DYSPEPSIA GENERATION

We have seen the future, and it sucks.

The Battle Over Rare Earth Metals

29th January 2010

Read it.

Guess who needs ’em? Us.

These 15 consecutive lanthanide elements have, uniquely among all the elements in the periodic table, chemical properties so similar that they are difficult and expensive to separate from one another. However, once these metals have been separated from one another, the individual physical properties of these materials put them in today’s top tier of the rarest and in many cases the most critical of metals for technological application. These metals are used to manufacture environmentally friendly products such as electric cars and in alternative power generating technologies such as wind turbines.

Guess who owns ’em?

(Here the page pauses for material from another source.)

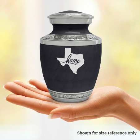 Select Texas Home Sharing Urn - Ebony Black to create a personal memorial that is a step larger than a keepsake urn but more petite than a full size urn. Bold, attractive colors offer sharp contrast with the engraved text and detailed artwork.
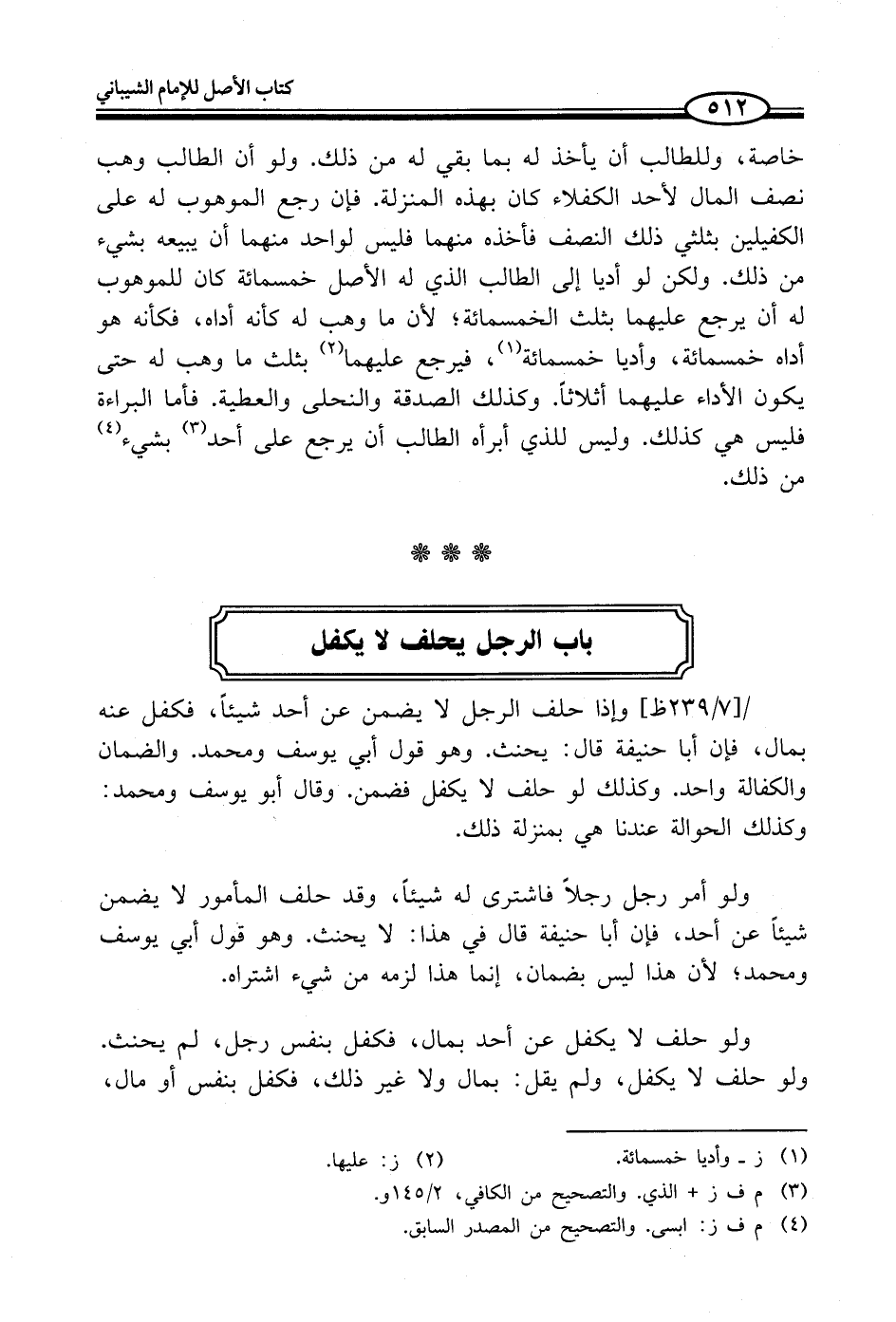 خاصة، وللطالب أن يأخذ له بما بقي له من ذلك. ولو أن الطالب وهب نصف المال لأحد الكفلاء كان بهذه المنزلة. فإن رجع الموهوب له على الكفيلين بثلثي ذلك النصف فأخذه منهما فليس لواحد منهما أن يبيعه بشيء من ذلك. ولكن لو أديا إلى الطالب الذي له الأصل خمسمائة كان للموهوب له أن يرجع عليهما بثلث الخمسمائة؛ لأن ما وهب له كأنه أداه، فكأنه هو أداه خمسمائة، وأديا خمسمائة (¬1)، فيرجع عليهما (¬2) بثلث ما وهب له حتى يكون الأداء عليهما أثلاثاً. وكذلك الصدقة والنحلى والعطية. فأما البراءة فليس هي كذلك. وليس للذي أبرأه الطالب أن يرجع على أحد (¬3) بشيء (¬4) من ذلك.

China.

The main accessible concentrations of the rare earths are found in China, where more than 95% of rare earths are now produced. Over the last seven years, China has reduced the amount of rare earths available for export by some 40%.

Chinese officials are openly concerned that the elements mined in the Bayanobo region are so valuable and important to China’s technological future that they must be conserved for future Chinese use. Rare earth production is or may soon be too low to keep up with growing demand.

For the rest of the world, the problem is that the rare earths which the Chinese deem so important to their technological and green future are already critical for maintaining the West’s technological and green present, let alone a future of green growth and sustainable production.

Does that bother you? It bothers me.